I'm learning CUDA and wrote a little program which generates prime numbers using the Sieve of Eratosthenes. (I know the limitations of CUDA, specially with memory sizes and limits, but this program is for educational purposes).
Questions:
- Did I set up the configuration correctly? (did I set
dimBlock
anddimGrid
correctly?) - In my kernel I seem to set a
maxRoot
constant variable for each thread spawned. Is there a way to set that once in the GPU and then have that shared across all threads?? - In the given code below, on line 23 - there's optimization #2 - sieve only odds. How can I apply that to my kernel? The way I'm currently doing is spawning threads from 1 to
sqrt(max)
and assigning each of them (so much like looping, but incrementingi
by 1 each time. In that line of code, we see that it starts at 3 and increments by 2 in the for loop.) - Can you give me any other feedback on my code? What else am I doing wrong, or what else could be improved?
Any kind of feedback and improvements is good.

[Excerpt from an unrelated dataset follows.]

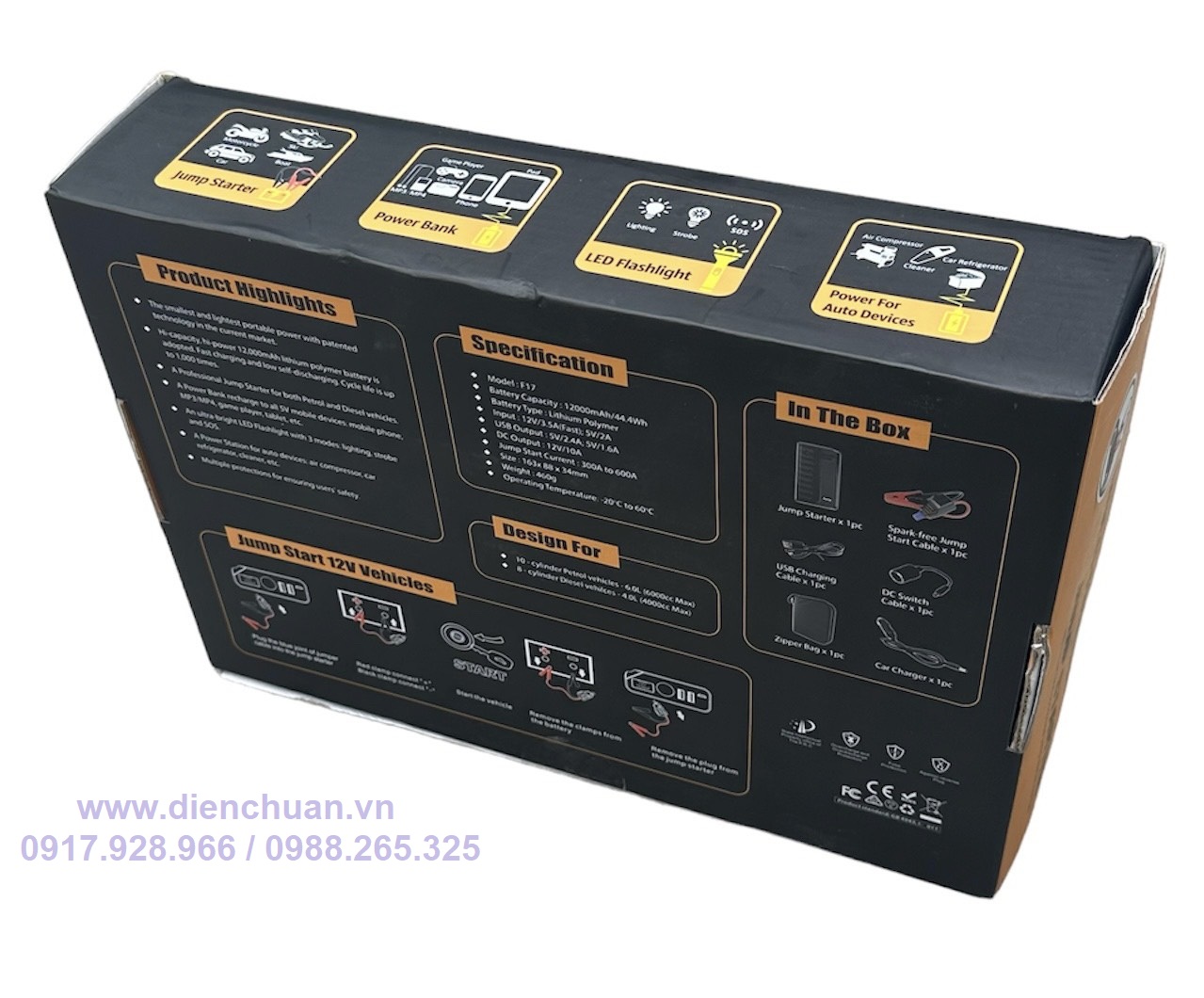 Bộ pin kích đề nổ ô tô 12V kiêm sạc dự phòng điện thoại Jump F17

This is the HOST code for the sieve I attempted to implement in CUDA:
void sieveOfEratosthenes(uint64_t max)
{
// There are no prime numbers smaller than 2
if (max >= 2)
{
max++;
// Create an array of size n and initialize all elements as 0
char arr[max]; // could call calloc() and return a pointer
memset(arr, 0, sizeof(char) * max);
arr[0] = 1;
arr[1] = 1;
uint64_t maxRoot = sqrt(max); // optimization #1
uint64_t i;
int j; // sieve multiples of two
for (j = 2 * 2; j < max; j += 2)
{
arr[j] = 1;
}
/* for (i = 2; i <= maxRoot; i++) */
for (i = 3; i <= maxRoot; i += 2) // optimization #2 - sieve only odds
{
if (arr[i] == 0 )
{
int j;
for (j = i * i; j < max; j += i)
{
arr[j] = 1;
}
}
}
// display
for (i = 0; i < max; i++)
if (arr[i] == 0)
printf("%d ", i);
printf("\n");
}
}
This is my actual CUDA file: prime.cu
#include <stdio.h>
#include <helper_cuda.h> // checkCudaErrors()
#include <cuda.h>
#include <cuda_runtime_api.h>
#include <cuda_runtime.h>
typedef unsigned long long int uint64_t;
/******************************************************************************
* kernel for finding prime numbers using the sieve of eratosthenes
* - primes: an array of bools. initially all numbers are set to "0".
* A "0" value means that the number at that index is prime.
* - max: the max size of the primes array
******************************************************************************/
__global__ static void sieveOfEratosthenesCUDA(char *primes, uint64_t max)
{
// first thread 0
if (threadIdx.x == 0 && threadIdx.y == 0)
{
primes[0] = 1; // value of 1 means the number is NOT prime
primes[1] = 1; // numbers "0" and "1" are not prime numbers
// sieve multiples of two
for (int j = 2 * 2; j < max; j += 2)
{
primes[j] = 1;
}
}
else
{
int index = blockIdx.x * blockDim.x + threadIdx.x;
const uint64_t maxRoot = sqrt((double)max);
// make sure index won't go out of bounds, also don't execute it
// on index 1
if (index < maxRoot && primes[index] == 0 && index > 1 )
{
// mark off the composite numbers
for (int j = index * index; j < max; j += index)
{
primes[j] = 1;
}
}
}
}
/******************************************************************************
* checkDevice()
******************************************************************************/
__host__ int checkDevice()
{
// query the Device and decide on the block size
int devID = 0; // the default device ID
cudaError_t error;
cudaDeviceProp deviceProp;
error = cudaGetDevice(&devID);
if (error != cudaSuccess)
{
printf("cudaGetDevice returned error code %d, line(%d)\n", error, __LINE__);
exit(EXIT_FAILURE);
}
error = cudaGetDeviceProperties(&deviceProp, devID);
if (deviceProp.computeMode == cudaComputeModeProhibited || error != cudaSuccess)
{
printf("CUDA device ComputeMode is prohibited or failed to getDeviceProperties\n");
return EXIT_FAILURE;
}
// Use a larger block size for Fermi and above (see compute capability)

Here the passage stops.